T-SNE plots were then shown where each point represents a cell and the distance between each point in 2 dimensions represents how different their transcriptome profiles are. In the short read and nanopore runs, each of the 5 cancer cell lines clearly separated with consistent groupings across all those platforms. The final long read platform showed poor separation of the cell lines in this ordination plot and again, Michael stated this was due to low read counts.
Closing his talk, Michael spoke about differential isoform detection in the TMM17B gene where a skipped exon could be seen in 3 of the cell lines while it was present in 2.

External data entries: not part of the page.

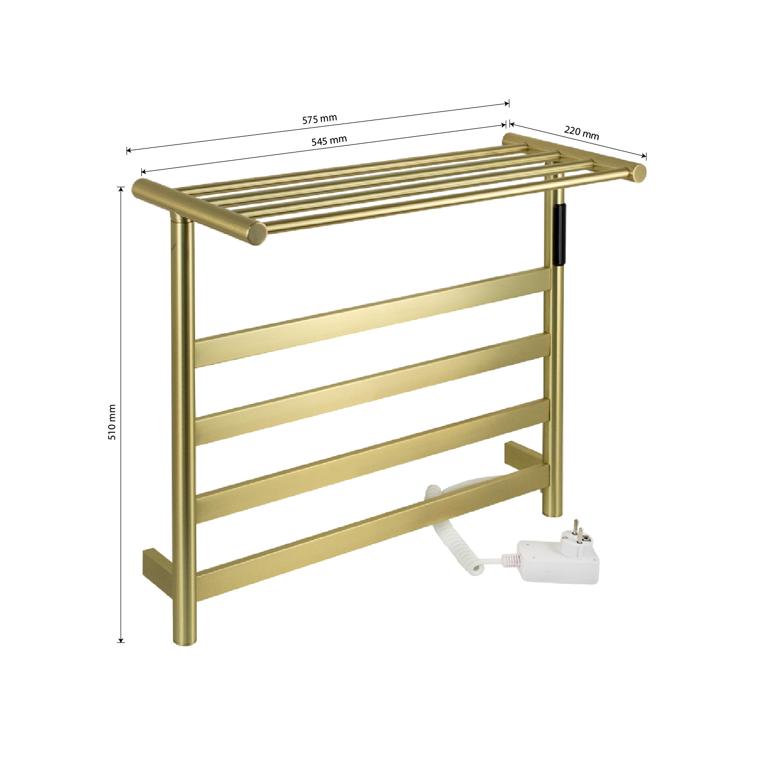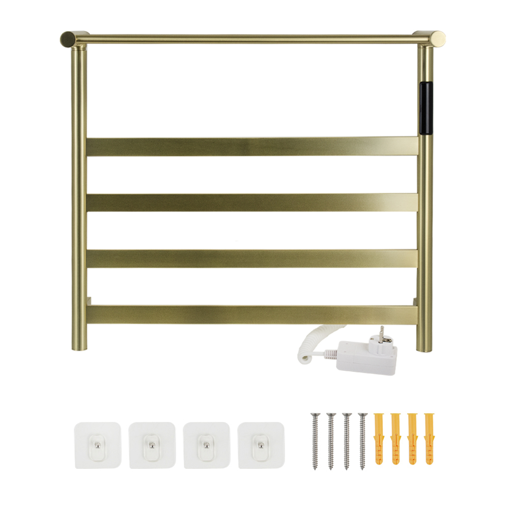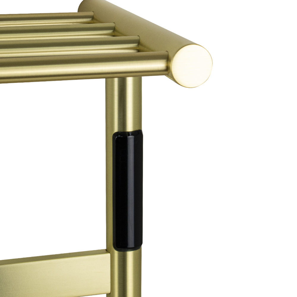 Полотенцесушитель электрический, цвет матовое золото, лесенка с полкой, из нержавеющей стали, сенсорное управление с таймером до 24 часов, регулировка температуры от 40°С до 60°С, тэн из углеродного волокна гармонично впишется в современный интерьер и поможет поддержать комфортную атмосферу в ванной комнате, работает вне зависимости от отопительного сезона, и его можно разместить в любом месте ванной или даже на стене в комнате. PVD покрытие цвета бронза, устойчивое к высоким температурам. Благодаря продуманному расположению труб можно размещать объемный текстиль, сократив время просушки. Установка и ремонт не требуют работы сантехников. Запуск - нажатием одной кнопки. Габаритные размеры: ширина 575 мм, высота 510 мм, полка 210 мм. 4 перекладины. С сухим ТЭНом, 75 W, 220-230 V, 50-60 Гц, t - 55°С, IP 44. Комплект: полотенцесушитель, крепёж, провод с евровилкой для подключения. Вес - 4,200 кг, объём - 0,05000 м3.
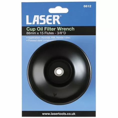 Cloche de filtre à huile 88 mm 15 pans Exemple de véhicules compatibles : Honda I-dtec diesel Hyundai Kia 3.3 et 3.8 V6 essence. Carré d’entrainement 3/8 (9.52 mm), matière acier.
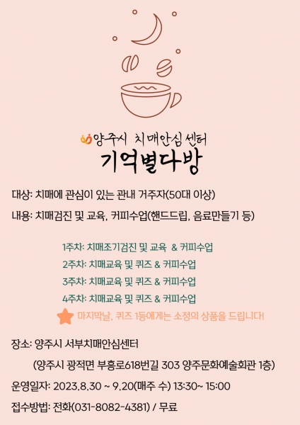 [금요저널] 양주시는 서부치매안심센터에서 치매 인식개선 프로그램 ‘기억별다방’사업을 실시할 예정이다.

What about isoform expression? Michael described how there aren’t many tools available for isoforms for long reads, and those that are available aren’t optimised for the low read counts that are typical in single cell sequencing experiments.
Summarising, Michael said that data processing by scPipe yields consistent results between Illumina and Nanopore for gene profiling and cell clustering; and isoform characterisation is an ongoing challenge, but isoforms and differentially expressed isoforms can be identified from single cells with Nanopore sequencing.